Fig. 1 is a configuration diagram of an embodiment of a CPU board applied to a digital protective relay device according to the present invention, Fig. 2 is a diagram showing software processing for measuring calculation time, and Fig. 3 is a diagram showing calculation time. Figure 4 shows the configuration of another embodiment, Figure 5 shows the configuration of a conventional digital protective relay device, and Figure 6 shows the relationship between one sampling time and the remaining time. The diagram shown in FIG. 7 is a diagram showing software processing for measuring calculation time according to the conventional technology.
-CPU board 12・CPU13...Timer 14...Memory 15...Bus

Claims (1)

[Claims] A digital protective relay that inputs the sine wave alternating current from the power system, samples this sine wave alternating current at predetermined time intervals, converts this sampling value into digital data, and then performs a predetermined protection calculation in the central processing unit.
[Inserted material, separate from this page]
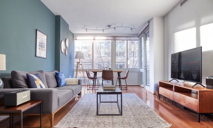 This Blueground apartment has flexible lease options, allowing you to book it for one month, a year, or more.

In the device,
a start signal output means for outputting a start signal to the outside when the central processing unit starts a calculation; a stop signal output means for outputting a stop signal to the outside when the calculation ends; A counter that starts a timer that counts at a predetermined period upon reception of the start signal, stops the timer upon reception of the stop signal, and counts the number of counts during that time, and displays the counted number externally. What is claimed is: 1. A digital protective relay device, characterized in that it is equipped with a display means.